Dee Dee Bridgewater, concerto (con band italiana) alla Casa del Jazz- Corriere.it
«Io non avevo il potere di tante voci. Ma sapevo, come donna, come usare la mia». La guardi, la ascolti. E la veneri, oggi, Dee Dee Bridgewater. Come vocalist è già nella storia del jazz, una delle ladies, sulla scia delle più grandi, Billie, Ella, Sarah… Memphis, classe 1950, Dee Dee ha alzato la voce nell’olimpo della musica afroamericana. Ma anche nella storia delle lotte per i diritti dei neri e la parità di genere. «Sul palco e fuori dal palco», ribadisce, orgogliosamente. Così, quando le parli di Mee Too, la sua credibilità è totale, se ti dice che «il movimento lo sostengo, anche se non lo condivido al 100 per cento. È stato creato da donne più giovani di me. Io ho sperimentato i problemi di cui parlano molti anni prima che qualcuno lo chiamasse Mee Too. E ho scelto di dire no in molte situazioni, da giovane. Anche se questo significava perdere opportunità di lavoro. Ma adesso posso andare a fronte alta, come una donna che non è scesa a compromessi».
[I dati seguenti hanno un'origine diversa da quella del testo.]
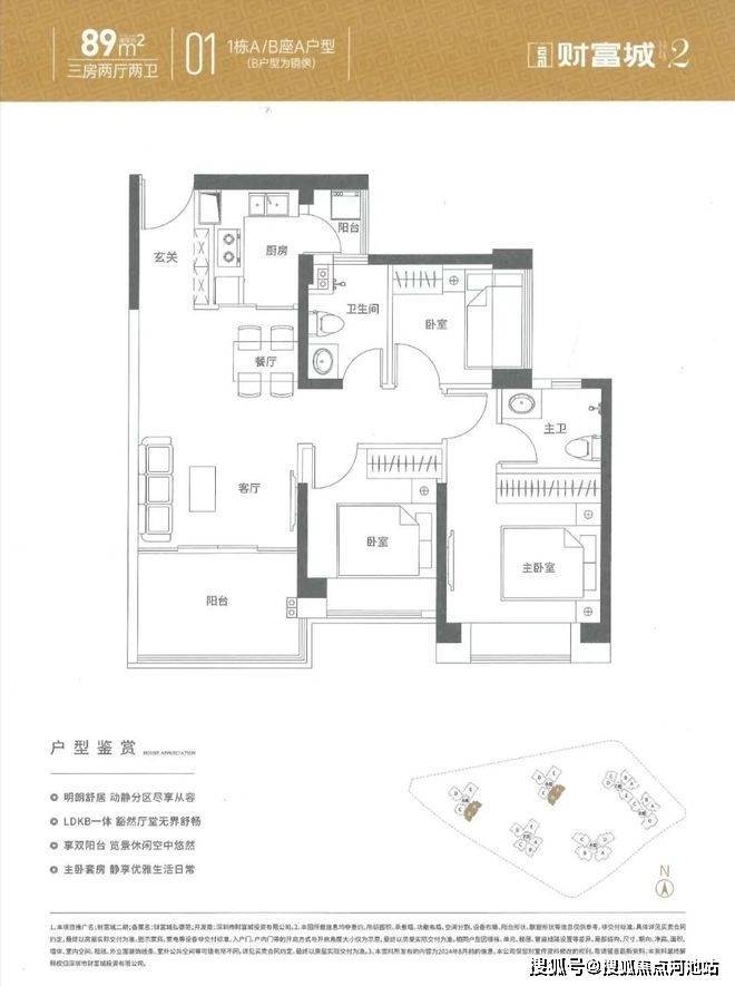 89㎡的3房2厅2卫,设计的是经典竖厅格局,客厅3.29米开间,3个卧室分别是3.3/2.8/2.5米的宽度,L型厨房,带1个小生活阳台,得房率约:76%(不含赠送),西南、东南及东北朝向。
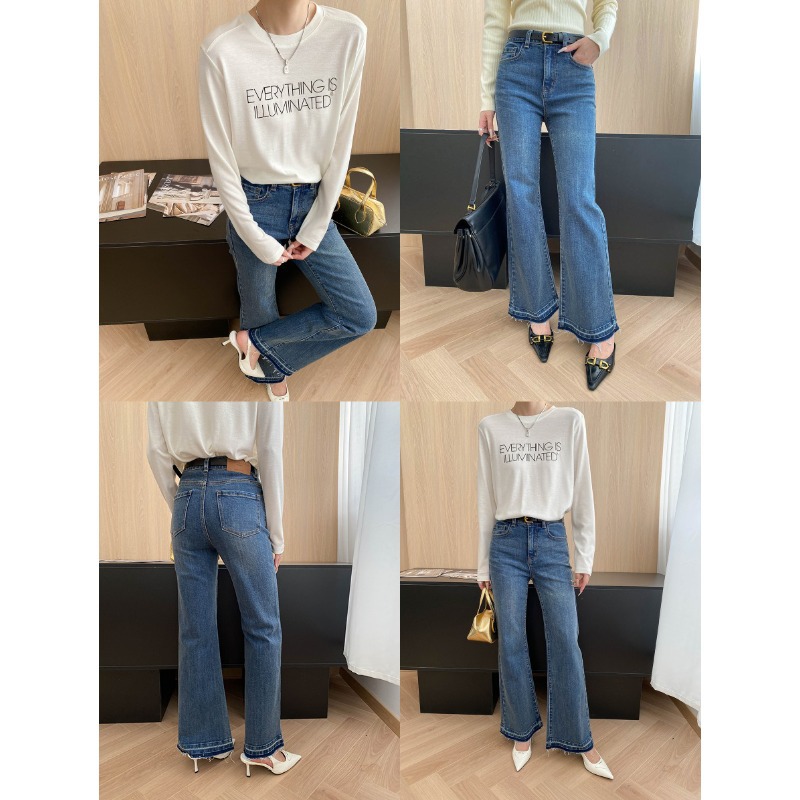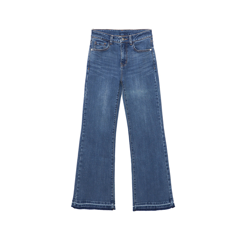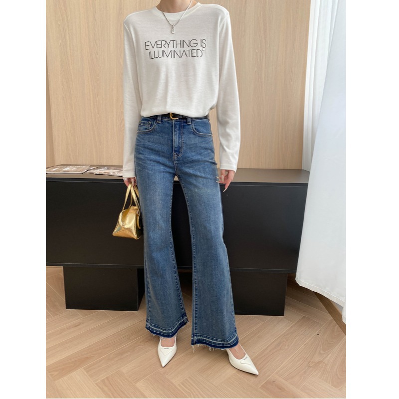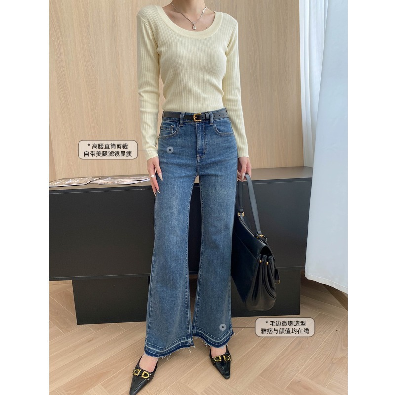 司南时髦精挚爱水洗复古高腰直筒撞色毛边微喇叭牛仔裤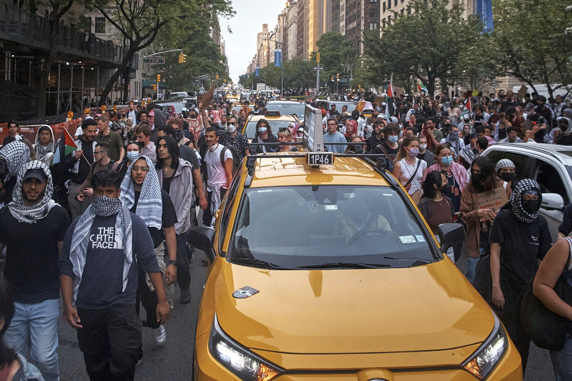 Pro-Palestinian protesters march in between traffic near the Metropolitan Museum of Art, where the Met Gala takes place, Monday, May 6, 2024, in New York. (Photo by Andres Kudacki/AP Photo)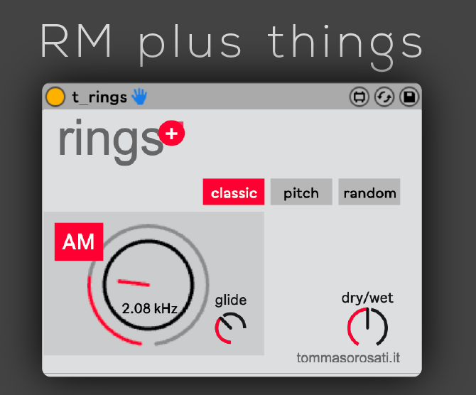 | Description: | Rings is a Ring Modulation effect plus something else. VIDEO DEMO: https://youtu.be/ITqg0pogrmE It can act as both RM and AM and has three modes: - classic: no surprises - pitch: estimates the input note and sets the modulating frequency to integer multiples of that note - random: creates a random modulating frequency for each input note within a range you can choose In addition, it has a transition time control between one frequency and the next (glide). VIDEO DEMO: https://youtu.be/ITqg0pogrmE |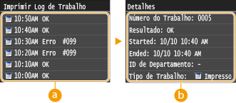![]() <Imprimir Log de Trabalho>Exibe uma lista de documentos que foram impressos. <OK> é exibido quando um documento foi impresso com sucesso, e <Erro> é exibido quando um documento falhou ao ser impresso pois foi cancelado ou ocorreu um erro.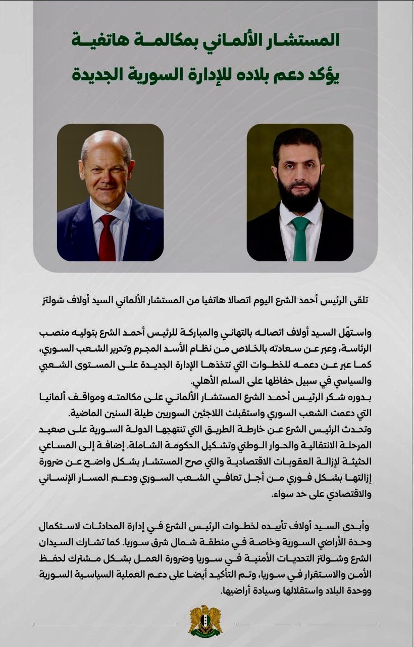 وكان رئيس الجمهورية العربية السورية السيد أحمد الشرع تلقى أمس الأول اتصالاً هاتفياً من نظيره الفرنسي إيمانويل ماكرون، هنأه فيها على توليه منصب الرئاسة، ووجّه له الدعوة لزيارة فرنسا في الأسابيع المقبلة.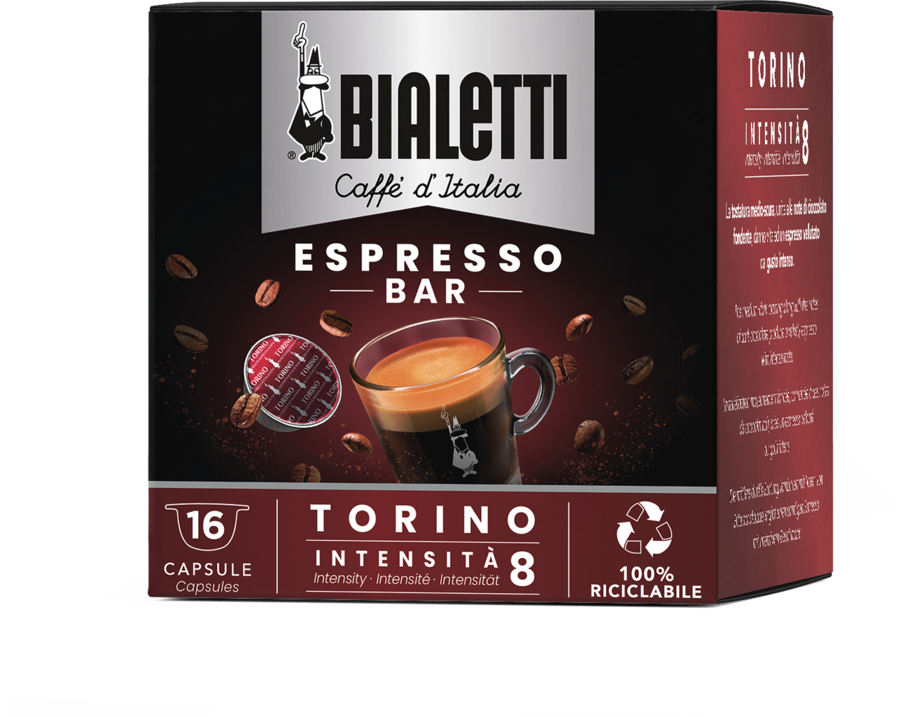 Bialetti's Torino capsules contain an intense espresso coffee balanced by the delicate aroma of chocolate. A tribute to a noble city with a venerable tradition of chocolate making, where the distinctive notes of chocolate and hazelnut blend with the fine aroma of espresso for a unique, velvety, full-bodied brew.

Ora la attende una tournée europea. E una band italiana. Sezione ritmica tutta al femminile: Rosa Brunello, contrabbasso e basso elettrico, Evita Polidoro alla batteria. «Dato il periodo, era un problema portare un’intera band dagli States», così quando i suoi agenti le hanno proposto una serie di giovani solisti, «ho osservato, ascoltato il loro sound, chiesto anche una presenza femminile e ora sono contenta di aver scoperto Rosa e Evita, sono il cuore, il motore della band». Il via sabato 10 luglio alla Casa del Jazz. Al piano Enrico Filippini, poi due fiati, Mirco Rubegni alla tromba e Michele Polga al sax.
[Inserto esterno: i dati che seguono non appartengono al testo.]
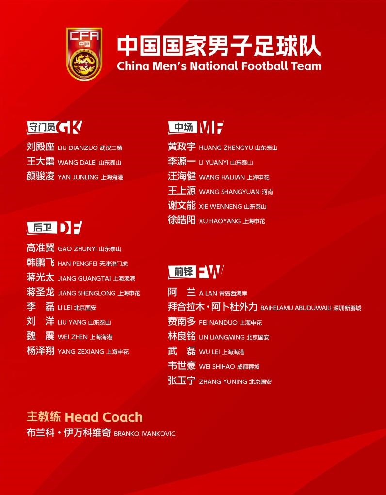 以下為24人大名單:武磊、顏駿凌、蔣光太、魏震(上海海港),王大雷、劉洋、高準翼、黃政宇、謝文能、李源一(山東泰山),韋世豪(成都蓉城),費南多、蔣圣龍、徐皓陽、楊澤翔、汪海健(上海申花),李磊、張玉寧、林良銘(北京國安),劉殿座(武漢三鎮(zhèn)),韓鵬飛(天津津門虎),王上源(河南),拜合拉木·阿卜杜外力(深圳新鵬城),阿蘭(青島西海岸)。
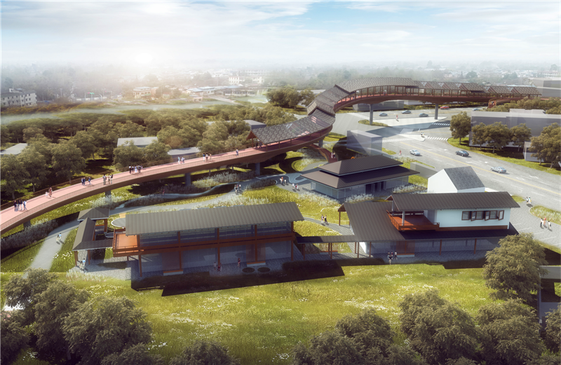 建設(shè)地點位于成都市都江堰市、郫都區(qū)。項目綠道總長約為15.67公里。其中郫都區(qū)戰(zhàn)旗村到金星村1公里;都江堰錢家院子到彭青線3.67公里;都江堰與郫都交界處至唐昌鎮(zhèn)金星村羅家院子、寧馨大道 至白鶴堰段11.09公里。其中郫都段含:一個新建驛站工程,建筑面積約265.04m2;一個橋梁工程,全長580米;其中主橋全長403.4m,主橋橋上第三聯(lián)設(shè)置廊亭,共132米。
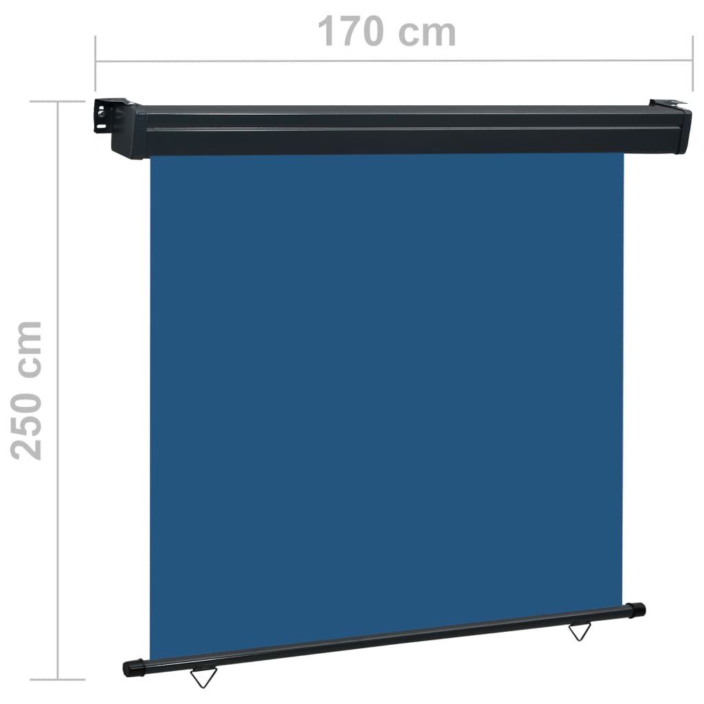 Diese schlichte, aber stilvolle Seitenmarkise bietet Privatsphäre und schafft einen gemütlichen Ort. Diese Markise ist sowohl ein Windschutz als auch ein Sonnenschutz. Die Blende ist aus UV-beständigem, reißfestem Polyester hergestellt. Die Aluminiumwalze sorgt für ein reibungsloses Abrollen. Sie verfügt über eine Selbstsperrfunktion, so dass sie an jeder Stelle angehalten werden kann. Die Markise kann auf bis zu 250 cm Länge ausgerollt werden. Zudem kann sie durch einfaches Ziehen der unteren Dreiecksringe automatisch wieder in die Stahleinfassung eingefahren werden. Je nach Bedarf kann die Senkrechtmarkise sowohl an der Wand als auch an der Decke befestigt werden. Die Lieferung umfasst auch Montagezubehör.

Non te lo dice direttamente, quanta passione ci mette anche per spingere le nuove generazioni al femminile, ma poi, chiedendole dei prossimi progetti, esce fuori il «The Woodshed Network», una sorta di scuola per aiutare giovani donne nel jazz, sostenere le loro carriere, venti di loro sono appena uscite da questo programma e il Jazz Festival di Detroit l’ha chiamata in settembre per presentarle. Stesso apparente distacco, stessa passione per Black Lives Matter: «È importante manifestare per le questioni razziali. Ma io mi sento vicina alle posizioni delle Black Panters. Avevo collaborato con uno dei loro programmi per garantire pasti ai ragazzi meno fortunati nelle scuole, quando ero più giovane. Sì — ammette — ho avuto la sensazione di aver già fatto il mio dovere, sventolato la bandiera, urlato contro le ingiustizie», tanto che negli ultimi mesi «non ho sentito il bisogno di uscire e marciare, anche perché non sono più così giovane. E con il Covid ho preferito stare a casa. Offrire il mio supporto, morale e finanziario, a distanza. Sono stata sola con me stessa 24 ore al giorno. Una sfida. Ho comunque fatto molte zoom call, live streaming e ho iniziato una nuova carriera come ospite negli show. Nella cerimonia dei Jazz Masters, in Jazz in America in supporto a Joe Biden, al Kennedy Centre, insomma mi sono fatta una reputazione come invitata».
Tornando ai nostri giovani musicisti, «stiamo preparando del materiale inedito, immagino sia una sfida, per me e per loro e sto in qualche modo aspettando di scoprire cosa ne uscirà. Comunque abbiamo in serbo brani di Chick Corea, Stanley Clark, Wayne Shorter, Herbie Hancock, Thelonious Monk». E al rientro negli Usa? «Non parlo dei progetti finché non si concretizzano. Posso dire che sto lavorando a un progetto sulla musica nera con i migliori musicisti di New Orleans».